__EXERCISE BRIEF__.
Transcribe all of the data verbatim, please, and leave out its pictures.

[DATA — start]

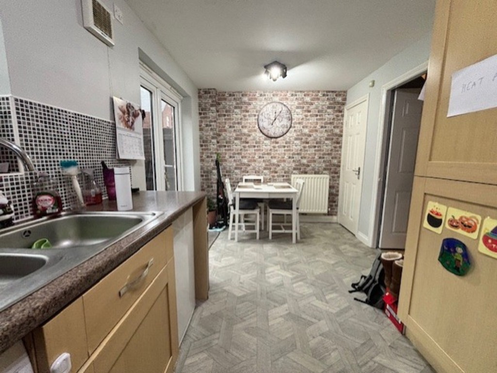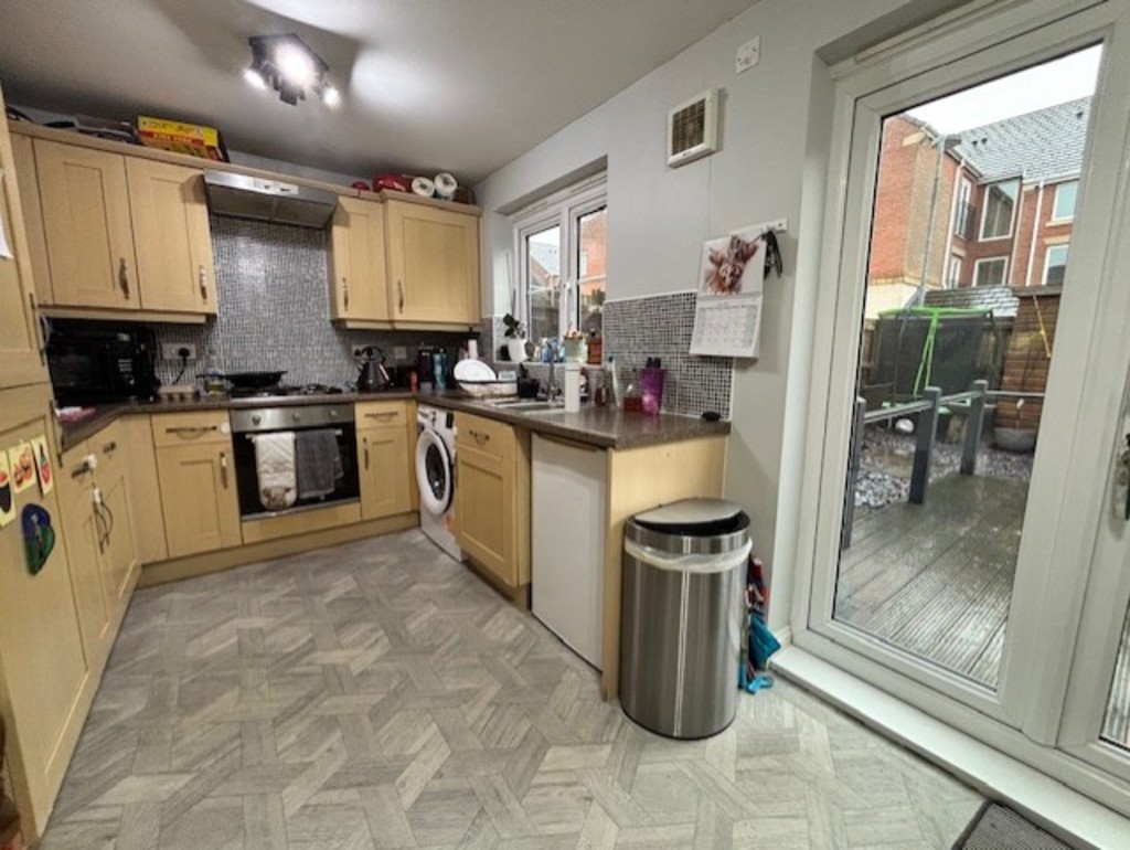 KITCHEN/DINER 15' 0" x 8' 10" (4.57m x 2.69m) Fitted with a range of wood effect base and wall units with roll top work surfaces over incorporating stainless steel sink unit. Built in oven, hob and extractor hood. Built in fridge freezer. Space for washing machine and dishwasher. Understairs storage cupboard. Double glazed window to rear. Double glazed patio door to rear.
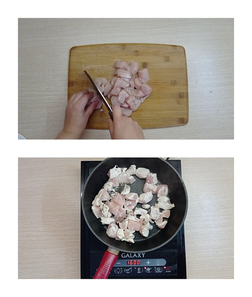 Здравствуйте, уважаемые читатели! Сегодня предлагаю вам очень вкусный рецепт жаркого в духовке, я готовлю его без горшочков. Получается не хуже однозначно, блюдо такое же нежное, сочное и ароматное! В этот раз я использовала в качестве начинки новый для себя состав. Итак, для приготовления понадобится куриное филе или любое мясо, которое вы любите. Филе нарезать небольшими кусочками и обжарить на сковороде. Специи добавить по вкусу, я использовала соль и перец. Далее к обжаренному филе добавить лук И натертую морковь. Перемешать и тушить несколько минут. Пока тушится мясо с луком и морковью, промываем чернослив и реже на небольшие полоски. Затем добавляем к мясу. Чернослив с мясом тушим около 5 минут и добавляем ложку муки. Хорошо перемешать, залить горячей водой. Теперь все ингредиенты на месте, закрываем крышкой и оставляем на медленном огне на 10-15 минут. Картофель порезать на кусочки, добавить специи и перемешать. От фольги отрезать лист длиной примерно 30 сантиметров
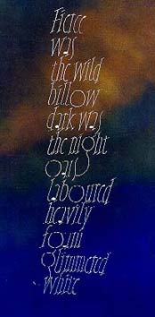 'Fierce' Pastel on black Canson Mi-Teintes, white gouache, Mitchell Roundhand No. 6 next Karen's Gallery Entrance Calligraphy Galleries Cecilia's Home Page

[DATA — finish]

__PROBLEM SOLUTION__.
 KITCHEN/DINER 15' 0" x 8' 10" (4.57m x 2.69m) Fitted with a range of wood effect base and wall units with roll top work surfaces over incorporating stainless steel sink unit. Built in oven, hob and extractor hood. Built in fridge freezer. Space for washing machine and dishwasher. Understairs storage cupboard. Double glazed window to rear. Double glazed patio door to rear.
 Здравствуйте, уважаемые читатели! Сегодня предлагаю вам очень вкусный рецепт жаркого в духовке, я готовлю его без горшочков. Получается не хуже однозначно, блюдо такое же нежное, сочное и ароматное! В этот раз я использовала в качестве начинки новый для себя состав. Итак, для приготовления понадобится куриное филе или любое мясо, которое вы любите. Филе нарезать небольшими кусочками и обжарить на сковороде. Специи добавить по вкусу, я использовала соль и перец. Далее к обжаренному филе добавить лук И натертую морковь. Перемешать и тушить несколько минут. Пока тушится мясо с луком и морковью, промываем чернослив и реже на небольшие полоски. Затем добавляем к мясу. Чернослив с мясом тушим около 5 минут и добавляем ложку муки. Хорошо перемешать, залить горячей водой. Теперь все ингредиенты на месте, закрываем крышкой и оставляем на медленном огне на 10-15 минут. Картофель порезать на кусочки, добавить специи и перемешать. От фольги отрезать лист длиной примерно 30 сантиметров
 'Fierce' Pastel on black Canson Mi-Teintes, white gouache, Mitchell Roundhand No. 6 next Karen's Gallery Entrance Calligraphy Galleries Cecilia's Home Page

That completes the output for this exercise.